**Required work**. Could you copy word for word only the lines between the one containing "宫斗,有人斗得头破血流,也有" and the end of the listing below, both included, and leave out the pictures?

**The data**.
● ● ● ● ● ● ●

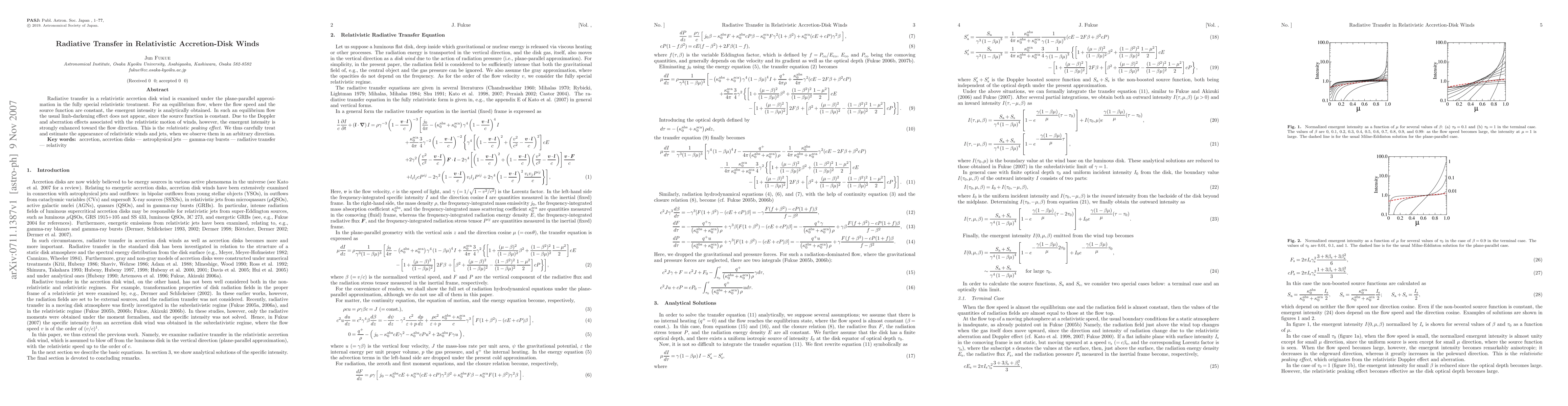 The paper investigates radiative transfer in relativistic accretion disk winds under the plane-parallel approximation and special relativity, deriving the emergent intensity analytically for an equilibrium flow. The study reveals the "relativistic peaking effect," where the intensity is significantly enhanced in the direction of the relativistic wind due to Doppler and aberration effects.
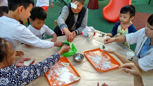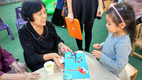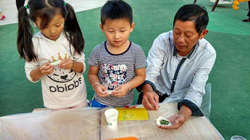 活動期間,孩子們為自己的爺爺奶奶表演了自己精心準備的的歌舞節目,把自己親手制作的賀卡交給了自己的爺爺奶奶并湊在他們耳根旁說上一句祝福的悄悄話,親手為自己的爺爺奶奶端上一杯熱氣騰騰的菊花茶,剝一片桔子,送上一塊重陽糕,和爺爺奶奶們一塊包餃子、品嘗餃子,濃濃的愛意,溫馨的氣氛在幼兒園中彌漫。
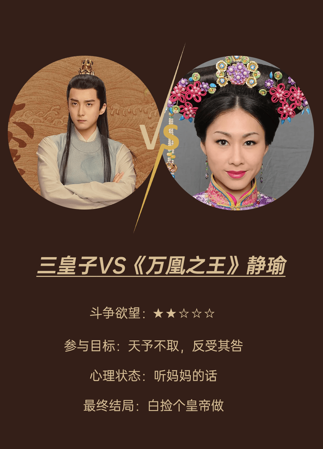 宫斗,有人斗得头破血流,也有人不声不响捡漏成功,比如《万凰之王》里的静瑜。她本来不过是全妃伊兰和皇后沅宛宫斗中不起眼的小配角,然而当两位BOSS斗得两败俱伤之后,谁想到我康慈皇太后反倒成为笑到最后的人?三皇子李承平同样如此,在二皇子与太子的鹬蚌相争中,成为了最终得利的渔翁。
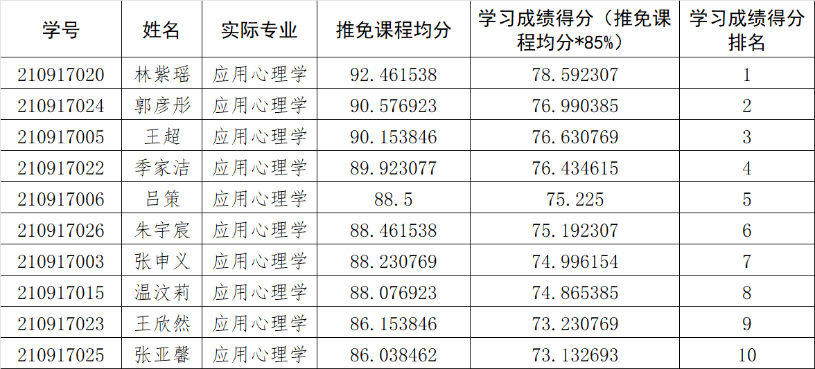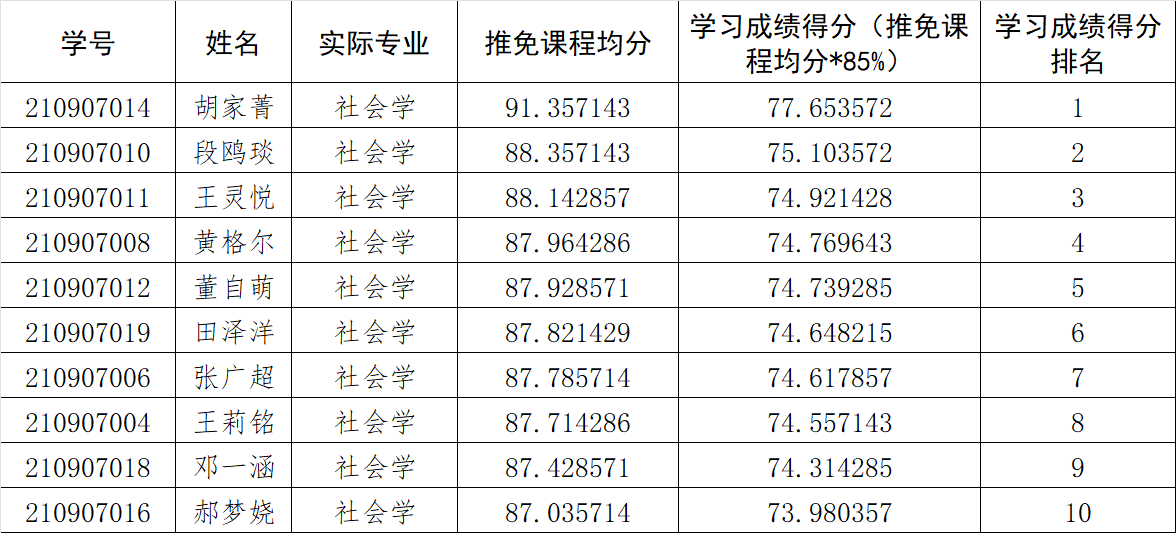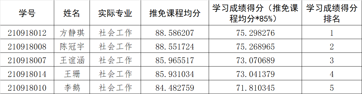 根据《禁漫 推荐优秀应届本科毕业生免试攻读硕士学位研究生办法》(法大发〔2019〕195号文件)与《关于做好2025年推荐优秀应届本科毕业生免试攻读研究生工作的通知》要求,现对禁漫 2021级社会学、应用心理学与社会工作专业本科生推免学习成绩排名进行公示,依照要求公示排名人数不低于各专业基数的35%。

● ● ● ● ● ● ●

**Response to the exercise**.
 宫斗,有人斗得头破血流,也有人不声不响捡漏成功,比如《万凰之王》里的静瑜。她本来不过是全妃伊兰和皇后沅宛宫斗中不起眼的小配角,然而当两位BOSS斗得两败俱伤之后,谁想到我康慈皇太后反倒成为笑到最后的人?三皇子李承平同样如此,在二皇子与太子的鹬蚌相争中,成为了最终得利的渔翁。
 根据《禁漫 推荐优秀应届本科毕业生免试攻读硕士学位研究生办法》(法大发〔2019〕195号文件)与《关于做好2025年推荐优秀应届本科毕业生免试攻读研究生工作的通知》要求,现对禁漫 2021级社会学、应用心理学与社会工作专业本科生推免学习成绩排名进行公示,依照要求公示排名人数不低于各专业基数的35%。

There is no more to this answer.